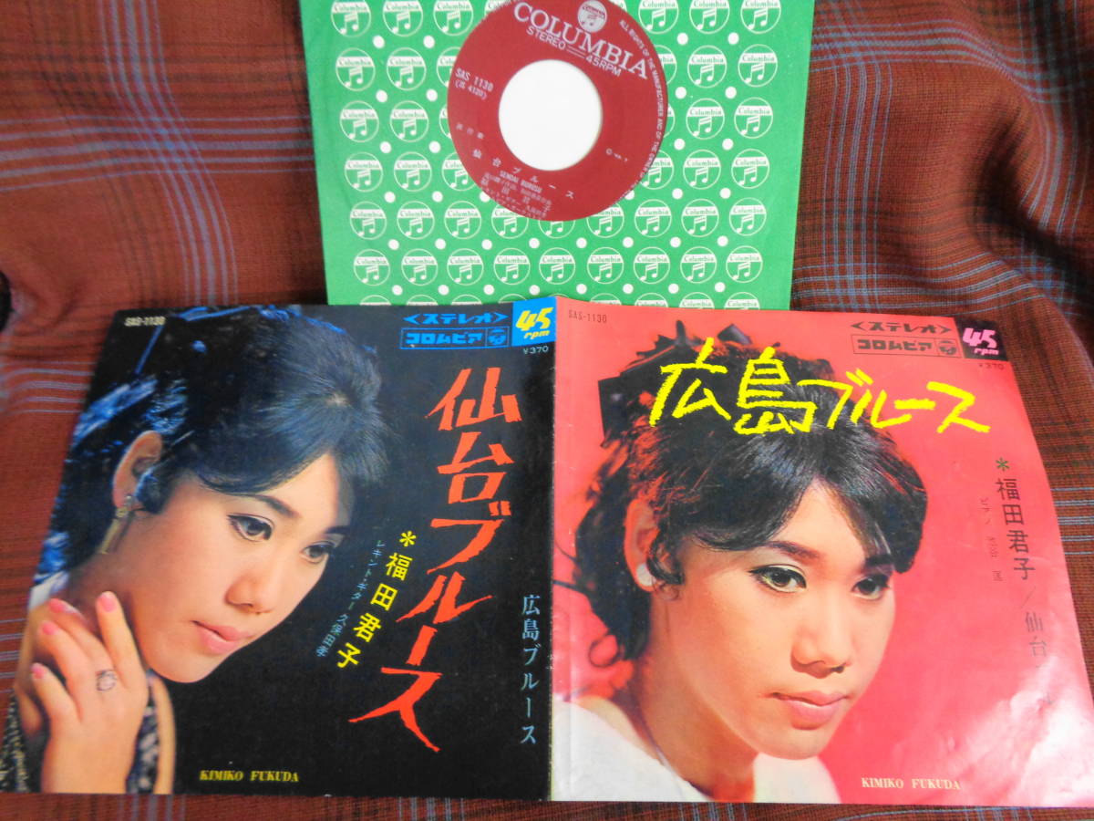 - e#4695◆EP◆ 福田君子 - 仙台ブルース / 広島ブルース ご当地 レア盤 昭和 歌謡 演歌 マイナー SAS-1130
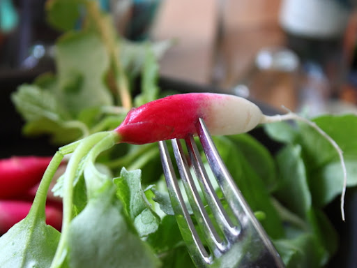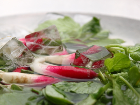 For the ice/radish photo...the eyes goes towards bright colors 1st. If you want to make ice the focus, don't put colors next to it. Unless you want color in the ice...(use either color transparent paper on lights or go crazy with juice ice cubes)
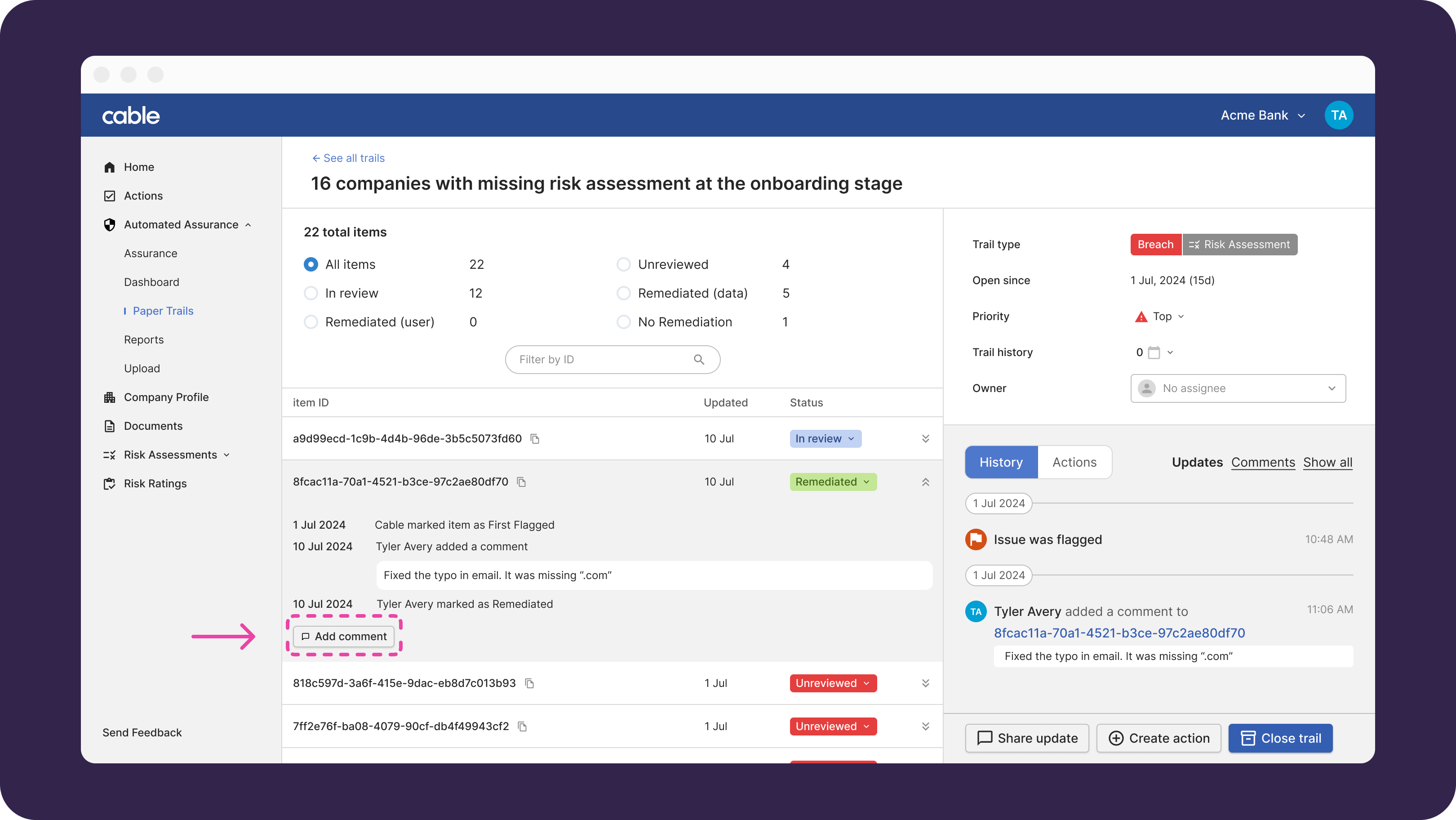 If Cable identifies any issues as a result of automated testing, then these are surfaced in the “Paper Trails” section in the Cable app for your team to investigate.
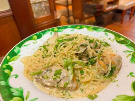 【広島産「かき」と生海苔・青菜のスパゲティ―】
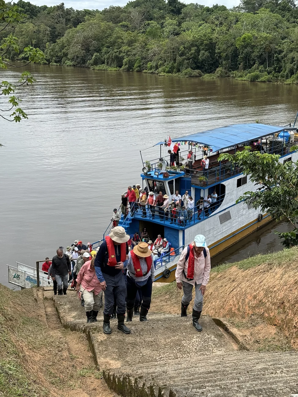 Die andere Hälfte, zu der wir gehörten, fuhr mit einem stilechten Amazonas-Dampfer aus Metall, der „Amazon King“ in die Dorfhälfte der Bora und erlebt dort ebenfalls ein Programm aus Dorfführung und Tanz in der Maloka.

::::

▶ **Work instructions**: The required output is the span of lines from the line with "If Cable identifies" through the final line of the listing above, reproduced exactly, minus the pictures.

▶ **Result of this task**:
 If Cable identifies any issues as a result of automated testing, then these are surfaced in the “Paper Trails” section in the Cable app for your team to investigate.
 【広島産「かき」と生海苔・青菜のスパゲティ―】
 Die andere Hälfte, zu der wir gehörten, fuhr mit einem stilechten Amazonas-Dampfer aus Metall, der „Amazon King“ in die Dorfhälfte der Bora und erlebt dort ebenfalls ein Programm aus Dorfführung und Tanz in der Maloka.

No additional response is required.